Козлова Н. Н., Сандомирская И. И.

Предисловие: История Любви; Референт: порядок мира


Существование подтверждается лишь документами жизни...

П.Рикер

Эта книга представляет читателю записки Евгении Григорьевны Киселевой. Эти записки хранятся в Центре документации "Народный архив"[[Центр документации "Народный архив" (ЦДНА) - "дитя перестройки", попытка создания первого в России негосударственного архива. Он был образован в 1990 г. и ставил себе целью собрать свидетельства, оставленные ничем не знаменитыми людьми. В противоположность архивам государственным, брал все подряд, все, что люди приносили и присылали. В настоящее время, вследствие финансовых трудностей, Архив на переломе своей судьбы.]]. Рукопись Е.Г.Киселевой -три толстых тетради, да два десятка писем. Мы приглашаем к чтению записок всех желающих.

Чем эти тетрадки привлекли нас? Отчего мы надеемся привлечь к ним внимание читателя? Кто такая Киселева? Простая ничем не приметная женщина. Пожилая женщина на лавочке перед подъездом пятиэтажки...

Родилась она 1 ноября 1916 года в хуторе Новозвановка Попаснянского района Ворошиловградской (Луганской) области. Почти всю жизнь прожила она в г. Первомайске того же района. Там же она и умерла 27 сентября 1990 г.
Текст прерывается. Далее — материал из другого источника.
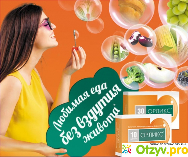 Орликс является активной добавкой к еде, в которой содержится фермент природного происхождения (альфа-галактозидаз). Именно этот компонент предотвращает образование газов в организме человека. Данный компонент позволяет расщеплять в организме сахара сложные (олисахариды) и переводит их в простые формы, которые достаточно легко могут усваиваться в организме. Также в организме обеспечивается активность ферментов, которой при повышенном образовании газа нет, предотвращается поступление этих сложных сахаров в наш кишечник, когда они нерасщепленны. Орликс это эффективный препарат, который поможет предотвратить такое неприятное состояние и ощущения вздутия живота, которое вызывается в следствии приема продуктов, способствующих метеоризму. Среди этих продуктов - овощи, различные бобовые, злаки цельные - именно они в своем составе имеют высокое содержание олисахаридов, а они у многих людей в организме усваиваются достаточно плохо. Когда они попадают в наш кишечник, происходит процесс брожения с бактериями и начинает высвобождаться избыточный газ, это приводит к тому, что живот начинает вздуваться, слышно урчание и болевые ощущения.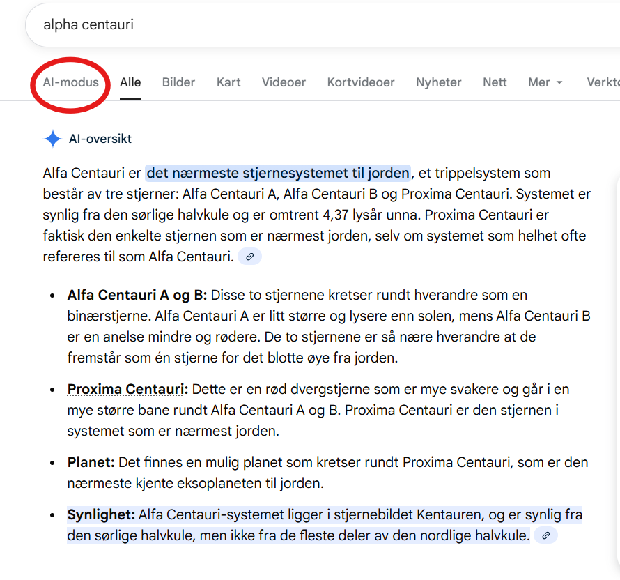 Under søkeresultatene i AI-modus vises nemlig et søkefelt der du kan stille oppfølgingsspørsmål. I eksempelet om stjernen Alpha Centauri kan vi spørre: «Hvor langt unna er den?», så vil søkemotoren forstå ut fra sammenhengen at det er stjernen vi spør om.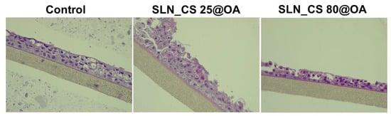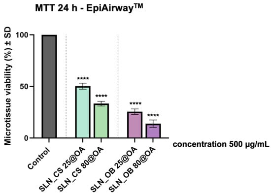 To assess the biosafety profile of SLN test samples (SLN_CS 25@OA, SLN_CS 80@OA, SLN_OB 25@OA, SLN_OB 80@OA) at a concentration of 500 µg/mL, a human respiratory functional microtissue model—EpiAirwayTM—was used. All the handling conditions were realized according to the manufacturer’s standard operation procedure (SOP), as described in detail in the study reported by Moaca et al. [].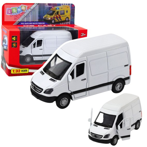 BIAŁY SAMOCHÓD DOSTAWCZY W SKALI 1:32 METALOWY Z NAPĘDEM PULL BACK ŚWIATŁO DŹWIĘK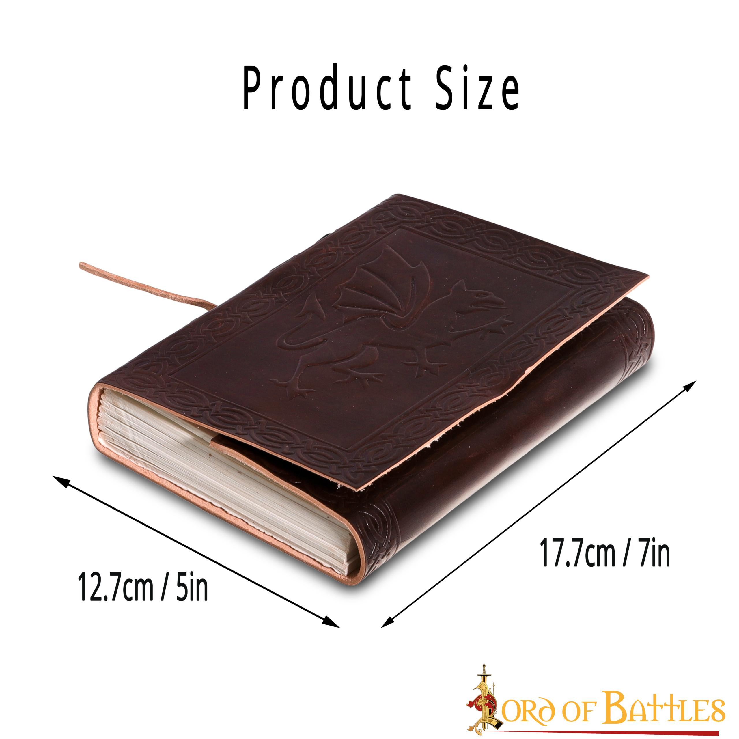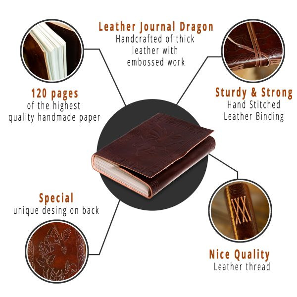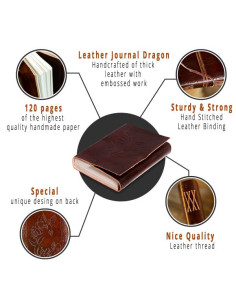 Diario di appunti Il Dragone. Il nostro diario in pelle (7 X 5) pollici è accuratamente realizzato a mano in vera pelle e ha 110 pagine naturali fatte a mano di alta qualità, rilegate insieme con robuste stringhe di tessuto.

Биография у нее вроде бы простая и одновременно сложная, как у многих женщин этого поколения: сельское детство и молодость, переезд в город в 1932 г., замужество в 1933 году, любовь, рождение детей (первого сына в 1935 г., второго - 22 июня 1941 г.). А дальше война, гибель родителей у нее на глазах, "сидение" на передовой с двумя детьми в течение нескольких месяцев, исчезновение мужа, борьба за продолжение существования, второй брак, неудачный, но продолжавшийся 20 лет, разрыв и освобождение, работа, отношения с родственниками, пенсионные труды и дни, проблемы детей и внуков... Перед пенсией она работала уборщицей на шахте. Просто жизнь, которая вписана в советский период истории.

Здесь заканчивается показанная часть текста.